Continuity of Composite Function - Practice Questions & MCQ

Continuity of Composite Function 

If the function $f(x)$ is continuous at the point $x=a$ and the function $y=g(x)$ is continuous at the point $x=f(a)$, then the composite function $y=(g \circ f)(x)=g(f(x))$ is continuous at the point $x=a$.

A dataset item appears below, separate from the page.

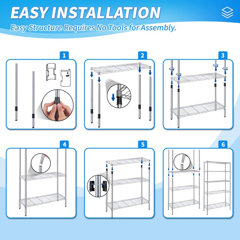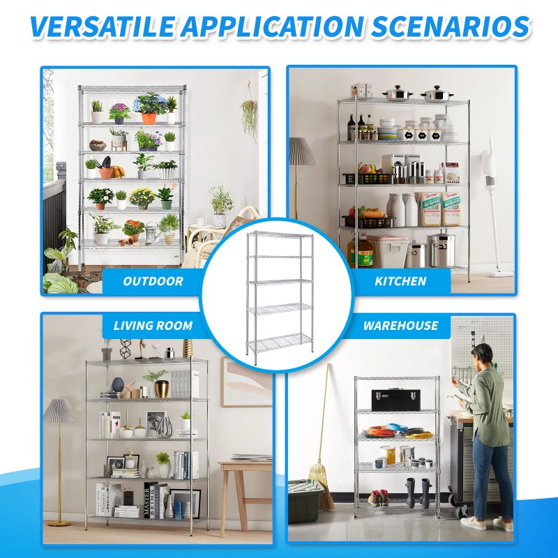 5-Tier Storage Shelves Wire Metal Shelving Unit 1250 Lbs Loading Capacity Chrome
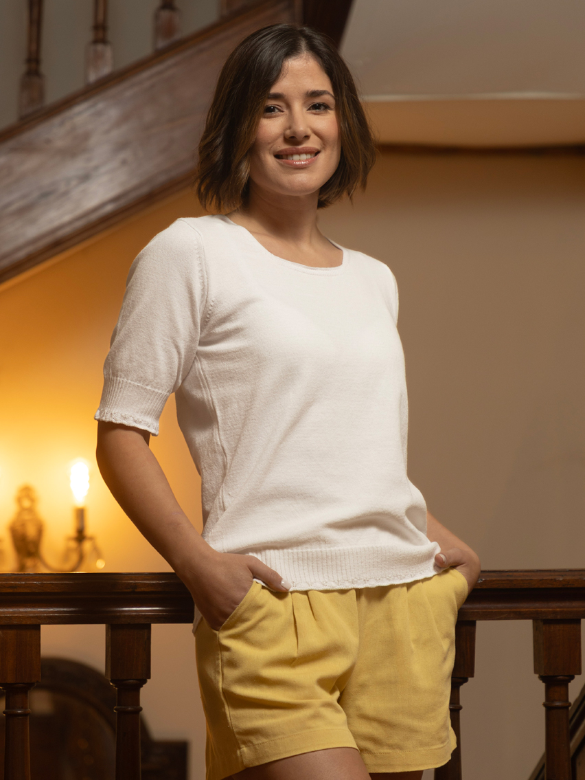 Textura suave, con caída y fresco. Ideal para primavera/verano. Apta para usar sobre la piel.

Consider the function $f(x)=\frac{1}{1-x}$, which is discontinuous at $x=1$ If $g(x)=f(f(x))$
$g(x)$ will not be defined when $f(x)$ is not defined, so $g(x)$ is discontinuous at $x=1$
Also $g(x)=f(f(x))$ is discontinuous when $f(x)=1$
i.e. $\frac{1}{1-x}=1 \Rightarrow x=0$

We ca check it by finding $g(x), \quad g(x)=\frac{1}{1-f(x)}=\frac{1}{1-\frac{1}{1-x}}=\frac{x-1}{x}$
It is discontinuous at $\mathrm{x}=0$
So, $g(x)=f(f(x))$ is discontinuous at $x=0$ and $x=1$

Now consider,

$
\begin{aligned}
\mathrm{h}(\mathrm{x})=\mathrm{f}(\mathrm{f}(\mathrm{f}(\mathrm{x}))) & =\mathrm{f}\left(\frac{\mathrm{x}-1}{\mathrm{x}}\right) \\
& =\frac{1}{1-\frac{\mathrm{x}-1}{\mathrm{x}}}=\mathrm{x}
\end{aligned}
$

seems to be continuous, but it is discontinuous at $x=1$ and $x=0$ where $f(x)$ and $f(f(x))$ respectively are not defined.